If you buy $8 of Danone (EPA:BN; SWX:DAN) yogurt, you get a movie ticket. Buy $13 worth, and you get two tickets for your next date night.

This is the type of rewards program run by 3 Tier Logic (3TL). On the surface, the Vancouver-based company provides the platform that allows customers to claim their rewards – after buying some yogurt, they photograph their receipt, upload it to a 3TL site and get a movie ticket in return.

In reality, 3TL is in the market of collecting your retail data as you collect that reward, and they do it on behalf of some of the world’s biggest brands, including Electronic Arts (Nasdaq:EA), Dr Pepper (NYSE:DPS), Doritos (NYSE:PEP), Kellogg’s (NYSE:K), Unilever (AMS:UNA) and Huggies (NYSE:KMB).

“That’s why we’re growing so quickly and we’re getting these big brands – because we allow them to influence purchasing decisions in the store aisle, and we allow them to connect with shoppers through mobile in the store aisle,” said Robert Craig, co-founder and CEO of 3TL.
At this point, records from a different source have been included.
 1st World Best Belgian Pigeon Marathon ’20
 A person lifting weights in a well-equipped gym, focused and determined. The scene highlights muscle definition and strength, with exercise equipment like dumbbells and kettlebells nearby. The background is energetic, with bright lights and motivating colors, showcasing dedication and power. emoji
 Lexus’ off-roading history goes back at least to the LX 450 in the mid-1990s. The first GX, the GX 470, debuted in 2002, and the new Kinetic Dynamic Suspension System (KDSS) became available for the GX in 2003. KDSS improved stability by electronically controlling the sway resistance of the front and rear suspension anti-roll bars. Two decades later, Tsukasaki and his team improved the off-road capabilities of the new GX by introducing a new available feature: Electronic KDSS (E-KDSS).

Data collection is a big deal for consumer packaged goods companies, which historically have been unable to run rewards programs and reap the consumer data that comes with them.
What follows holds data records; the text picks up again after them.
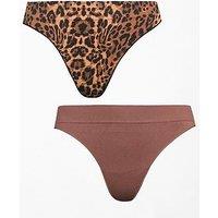 Report incorrect product informationThe Very Collection 2 Pack Seamless Print And Plain Thongs Size & Fit Available in sizes S - L Details 2 Pack Seamless Print And Plain Thongs by The Very Collection Brown Seamless Mid rise High cut leg 1 x Animal print 1 x Plain Material & Care Material Content: 95% Nylon 5% Elastane Washing Instructions: Machine Washable
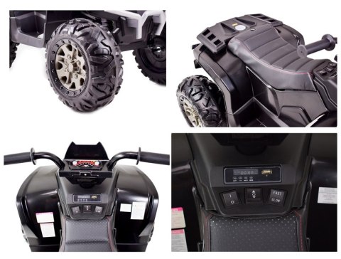 Wygląd quada przypomina prawdziwe pojazdy z tej grupy. Duże koła zapewniają komfort jazdy, a wygodne siedzenie wygodną podróż !
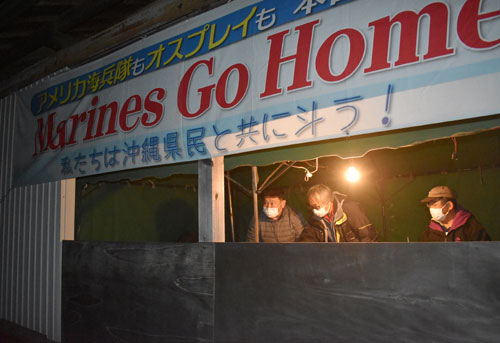 [写真/演習場内私有地で夜間監視に向け準備する反対派のメンバー(5日午後6時30分ごろ) ]
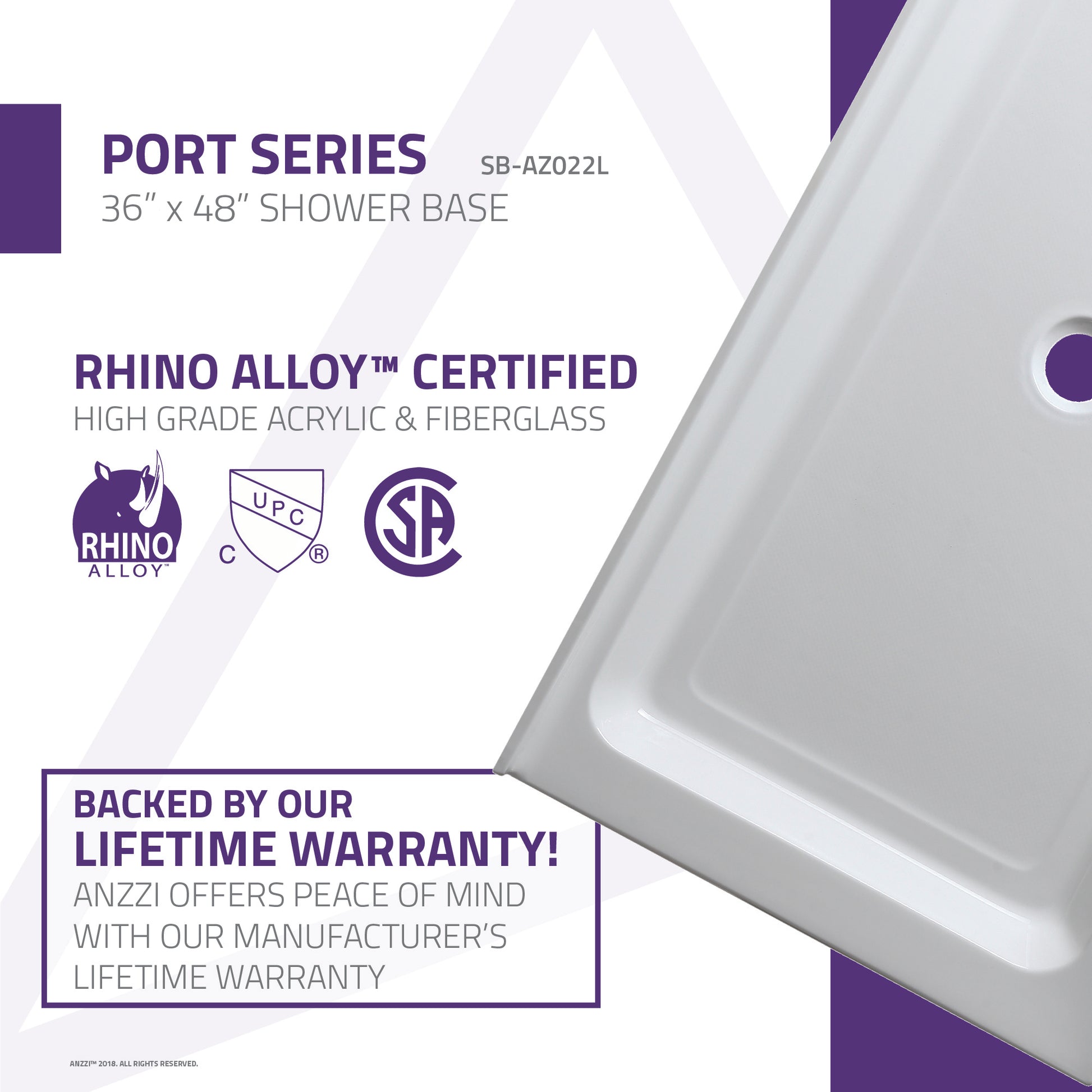 Trust ANZZI to provide the perfect foundation for your new dream shower. ANZZI shower bases are legendary for their durable resilience and high performance reliability. ANZZI craftsman use only RHINO ALLOY certified materials such as marine grade acrylic and high yield fiberglass to deliver a durable and stylish shower base unit. The glossy evenly coated finish is a striking eye catcher which compliments and enhances any style of bathroom.

If you buy a Mars bar or some beef jerky from 7-Eleven, for example – both Mars Canada and Jack Link’s, the fastest-growing meat snack manufacturer in the world, are clients of 3TL – you’re a customer of the corner store. 7-Eleven, or your credit card company, has access to your shopping data, but the information fails to make its way to the company whose product you’re purchasing.

“These brands are wanting to learn more about you, wanting to develop a connection with you because they want to sell directly to you,” said Craig. “Now the program is: buy beef jerky, take a picture of the receipt and register it at a microsite. Well, as soon as you register, you walk in as a 7-Eleven customer, but you leave as a Jack Link’s customer or a Mars customer, because you registered with them, you connected with them.”
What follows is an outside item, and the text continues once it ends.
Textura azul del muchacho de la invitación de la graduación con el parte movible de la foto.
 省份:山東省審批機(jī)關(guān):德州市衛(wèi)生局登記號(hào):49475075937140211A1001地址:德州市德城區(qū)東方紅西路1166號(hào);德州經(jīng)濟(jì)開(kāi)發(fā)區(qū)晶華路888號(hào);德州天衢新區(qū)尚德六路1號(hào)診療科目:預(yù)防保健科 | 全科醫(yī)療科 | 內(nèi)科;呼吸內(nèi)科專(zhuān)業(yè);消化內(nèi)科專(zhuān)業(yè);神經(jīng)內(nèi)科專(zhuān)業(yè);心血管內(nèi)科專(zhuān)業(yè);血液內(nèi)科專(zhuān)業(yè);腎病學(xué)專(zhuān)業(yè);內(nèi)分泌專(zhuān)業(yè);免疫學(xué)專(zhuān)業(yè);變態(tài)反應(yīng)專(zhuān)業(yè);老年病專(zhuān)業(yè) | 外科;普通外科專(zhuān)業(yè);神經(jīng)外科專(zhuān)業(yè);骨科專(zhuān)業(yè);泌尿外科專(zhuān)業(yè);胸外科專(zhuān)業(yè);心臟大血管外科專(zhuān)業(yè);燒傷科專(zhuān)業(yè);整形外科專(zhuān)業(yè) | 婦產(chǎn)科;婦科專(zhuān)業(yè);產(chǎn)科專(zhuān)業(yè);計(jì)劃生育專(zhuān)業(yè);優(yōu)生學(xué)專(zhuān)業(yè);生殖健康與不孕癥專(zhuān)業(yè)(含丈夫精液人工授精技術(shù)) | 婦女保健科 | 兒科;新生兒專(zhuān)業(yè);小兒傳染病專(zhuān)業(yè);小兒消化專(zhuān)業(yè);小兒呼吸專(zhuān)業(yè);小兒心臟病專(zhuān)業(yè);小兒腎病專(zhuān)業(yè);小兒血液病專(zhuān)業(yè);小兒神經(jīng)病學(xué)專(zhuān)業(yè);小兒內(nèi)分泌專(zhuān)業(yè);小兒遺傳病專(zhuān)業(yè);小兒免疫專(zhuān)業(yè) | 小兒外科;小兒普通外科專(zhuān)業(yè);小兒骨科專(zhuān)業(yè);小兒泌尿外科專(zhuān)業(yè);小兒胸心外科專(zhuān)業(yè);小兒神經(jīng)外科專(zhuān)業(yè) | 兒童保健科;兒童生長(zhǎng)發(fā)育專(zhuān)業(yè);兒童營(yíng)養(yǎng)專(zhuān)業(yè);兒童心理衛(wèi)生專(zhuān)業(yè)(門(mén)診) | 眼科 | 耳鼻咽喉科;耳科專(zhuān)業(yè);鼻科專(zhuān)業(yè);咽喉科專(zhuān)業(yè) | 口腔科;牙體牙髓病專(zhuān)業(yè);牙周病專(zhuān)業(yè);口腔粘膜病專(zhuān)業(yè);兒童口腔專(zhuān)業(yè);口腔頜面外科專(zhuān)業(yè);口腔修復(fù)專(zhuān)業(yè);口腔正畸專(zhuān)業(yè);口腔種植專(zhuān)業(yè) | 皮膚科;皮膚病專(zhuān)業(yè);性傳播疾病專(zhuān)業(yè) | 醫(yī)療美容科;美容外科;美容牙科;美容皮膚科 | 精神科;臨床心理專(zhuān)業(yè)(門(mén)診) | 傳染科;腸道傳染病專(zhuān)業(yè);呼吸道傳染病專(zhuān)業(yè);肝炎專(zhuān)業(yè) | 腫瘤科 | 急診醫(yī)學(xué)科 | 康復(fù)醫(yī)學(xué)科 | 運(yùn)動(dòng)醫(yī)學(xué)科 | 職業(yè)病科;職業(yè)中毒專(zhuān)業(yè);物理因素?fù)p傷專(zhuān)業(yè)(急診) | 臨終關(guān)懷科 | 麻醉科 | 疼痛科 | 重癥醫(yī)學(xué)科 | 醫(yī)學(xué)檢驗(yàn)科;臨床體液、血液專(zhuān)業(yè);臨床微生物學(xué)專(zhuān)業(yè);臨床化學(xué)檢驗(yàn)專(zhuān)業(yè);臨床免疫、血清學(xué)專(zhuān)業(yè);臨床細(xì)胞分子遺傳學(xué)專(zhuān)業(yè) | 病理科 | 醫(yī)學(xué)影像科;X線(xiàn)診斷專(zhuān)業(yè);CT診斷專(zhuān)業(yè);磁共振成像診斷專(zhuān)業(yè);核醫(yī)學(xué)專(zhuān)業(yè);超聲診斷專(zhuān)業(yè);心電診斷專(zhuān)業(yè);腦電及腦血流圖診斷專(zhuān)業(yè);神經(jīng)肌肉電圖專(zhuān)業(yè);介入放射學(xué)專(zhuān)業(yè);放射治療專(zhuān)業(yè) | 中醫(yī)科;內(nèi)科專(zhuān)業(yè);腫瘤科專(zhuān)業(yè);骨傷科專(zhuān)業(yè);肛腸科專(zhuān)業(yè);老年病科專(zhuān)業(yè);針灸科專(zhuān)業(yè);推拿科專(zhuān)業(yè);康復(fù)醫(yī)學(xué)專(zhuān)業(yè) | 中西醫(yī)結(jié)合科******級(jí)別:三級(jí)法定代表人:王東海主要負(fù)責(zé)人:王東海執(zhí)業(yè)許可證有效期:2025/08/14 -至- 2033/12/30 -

Craig calls this technology a “game-changer” for the industry.

“For the first time in history, a consumer packaged goods company can send a coupon based on your purchase behaviour,” he said.

On top of collecting a name and email, consumer packaged goods companies receive information such as when you purchased an item, from which store and along with what other products, every time a receipt is uploaded. That one receipt, destined for a landfill or crumpled up in the depths of a pocket, is data gold for companies like Mars.

Earlier this year, Fandango Rewards, a subsidiary of NBCUniversal’s movie ticket seller Fandango Media, left one of 3TL’s competitors and announced a multi-year agreement to license 3TL’s technology. The deal allows Fandango to offer more sophisticated and customized rewards campaigns to consumer packaged goods companies, which collectively buy millions of movie tickets to give away in exchange for the data collected in the rewards campaign.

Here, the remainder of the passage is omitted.